- EXERCISE -
Apart from the images, reproduce all of the data word for word.

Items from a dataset
• • •

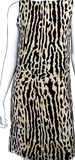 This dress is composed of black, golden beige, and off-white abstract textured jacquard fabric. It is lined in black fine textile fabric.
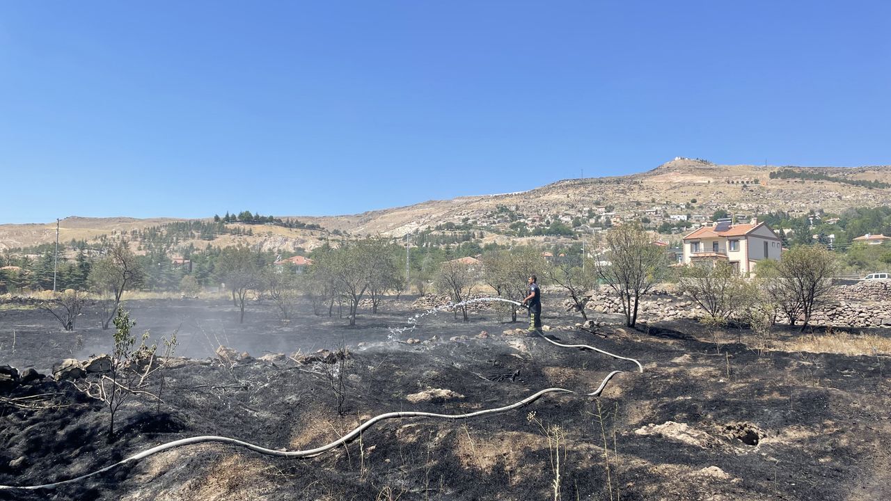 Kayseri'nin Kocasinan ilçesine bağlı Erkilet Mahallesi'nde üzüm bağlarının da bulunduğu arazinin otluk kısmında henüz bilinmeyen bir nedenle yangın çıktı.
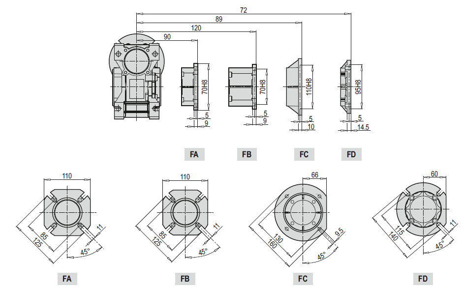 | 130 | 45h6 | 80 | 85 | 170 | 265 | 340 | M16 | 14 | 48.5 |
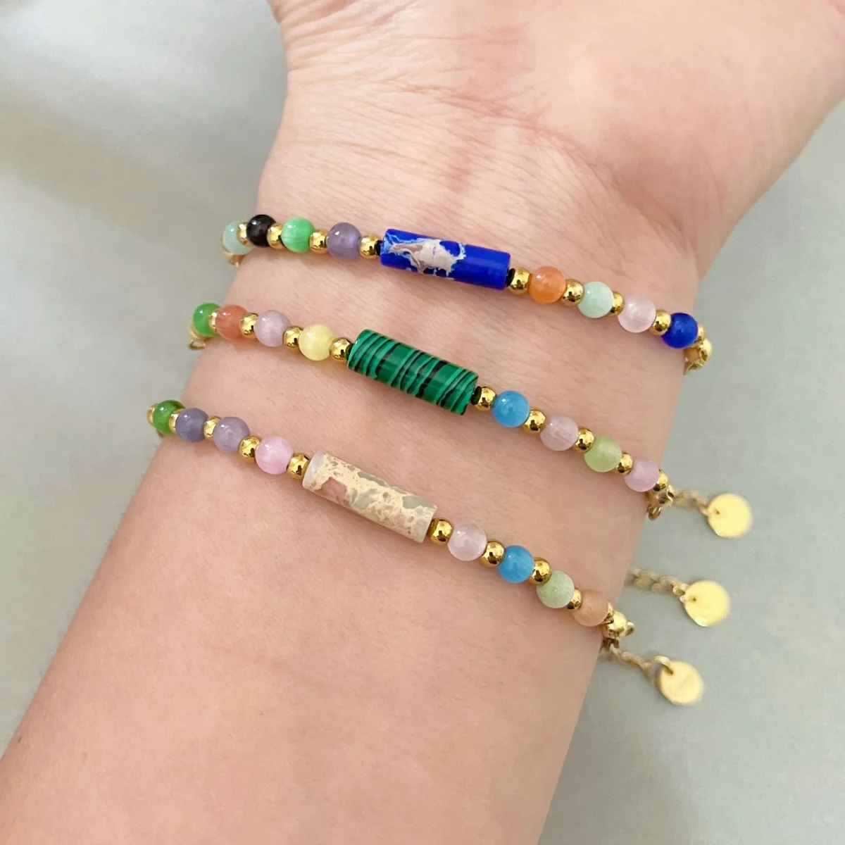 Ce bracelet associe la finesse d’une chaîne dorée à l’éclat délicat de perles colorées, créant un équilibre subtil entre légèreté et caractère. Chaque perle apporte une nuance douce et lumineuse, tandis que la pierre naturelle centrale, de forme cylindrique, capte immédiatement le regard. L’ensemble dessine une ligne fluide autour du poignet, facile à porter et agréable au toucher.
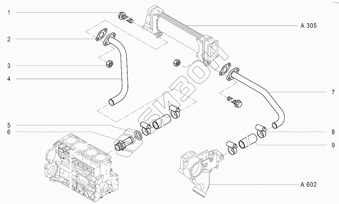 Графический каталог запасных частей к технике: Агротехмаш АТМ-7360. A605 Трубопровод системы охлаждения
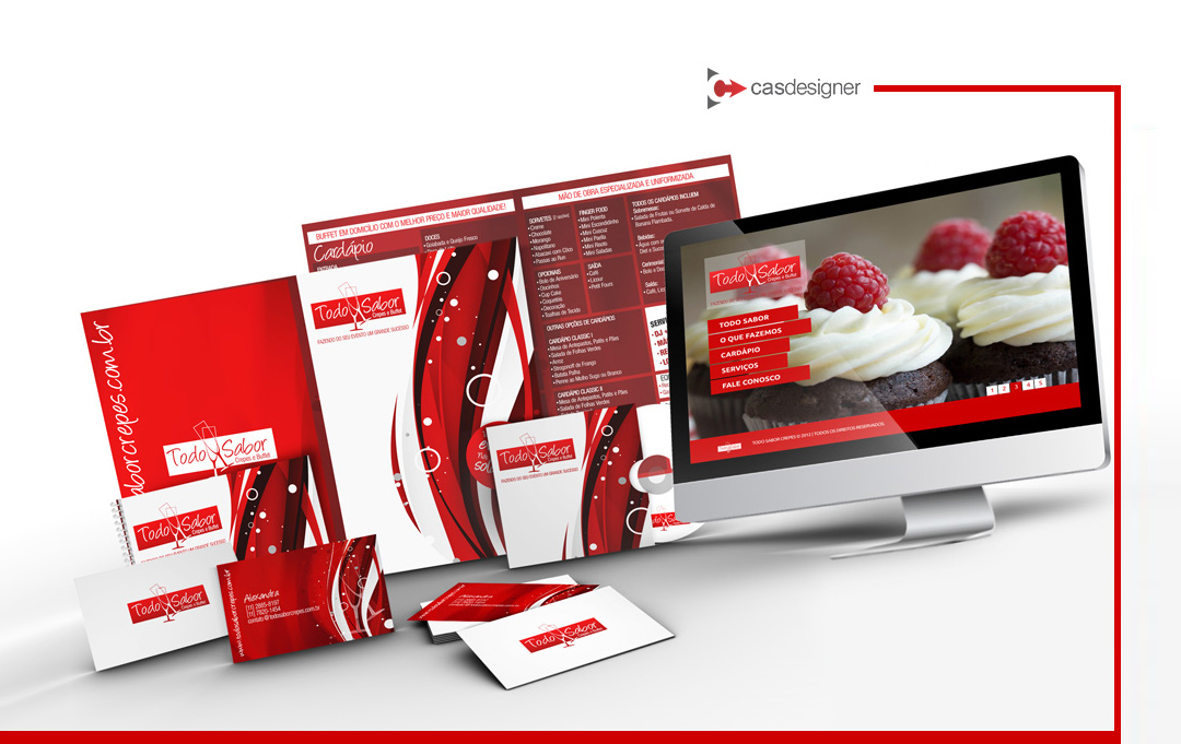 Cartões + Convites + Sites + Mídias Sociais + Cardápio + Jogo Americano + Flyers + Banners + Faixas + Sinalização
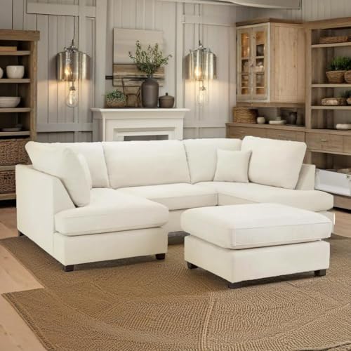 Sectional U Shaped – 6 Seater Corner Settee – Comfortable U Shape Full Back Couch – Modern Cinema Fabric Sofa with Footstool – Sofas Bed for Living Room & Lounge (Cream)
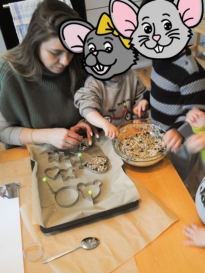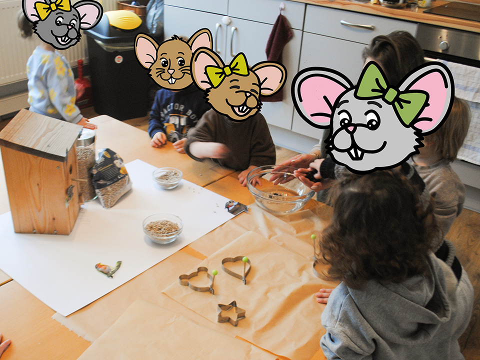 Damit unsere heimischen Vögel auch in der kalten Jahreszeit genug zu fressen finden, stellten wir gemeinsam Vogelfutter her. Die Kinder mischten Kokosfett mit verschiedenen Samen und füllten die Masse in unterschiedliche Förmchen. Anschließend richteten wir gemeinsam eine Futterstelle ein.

• • •

- COMPLETED TASK -
 This dress is composed of black, golden beige, and off-white abstract textured jacquard fabric. It is lined in black fine textile fabric.
 Kayseri'nin Kocasinan ilçesine bağlı Erkilet Mahallesi'nde üzüm bağlarının da bulunduğu arazinin otluk kısmında henüz bilinmeyen bir nedenle yangın çıktı.
 | 130 | 45h6 | 80 | 85 | 170 | 265 | 340 | M16 | 14 | 48.5 |
 Ce bracelet associe la finesse d’une chaîne dorée à l’éclat délicat de perles colorées, créant un équilibre subtil entre légèreté et caractère. Chaque perle apporte une nuance douce et lumineuse, tandis que la pierre naturelle centrale, de forme cylindrique, capte immédiatement le regard. L’ensemble dessine une ligne fluide autour du poignet, facile à porter et agréable au toucher.
 Графический каталог запасных частей к технике: Агротехмаш АТМ-7360. A605 Трубопровод системы охлаждения
 Cartões + Convites + Sites + Mídias Sociais + Cardápio + Jogo Americano + Flyers + Banners + Faixas + Sinalização
 Sectional U Shaped – 6 Seater Corner Settee – Comfortable U Shape Full Back Couch – Modern Cinema Fabric Sofa with Footstool – Sofas Bed for Living Room & Lounge (Cream)
 Damit unsere heimischen Vögel auch in der kalten Jahreszeit genug zu fressen finden, stellten wir gemeinsam Vogelfutter her. Die Kinder mischten Kokosfett mit verschiedenen Samen und füllten die Masse in unterschiedliche Förmchen. Anschließend richteten wir gemeinsam eine Futterstelle ein.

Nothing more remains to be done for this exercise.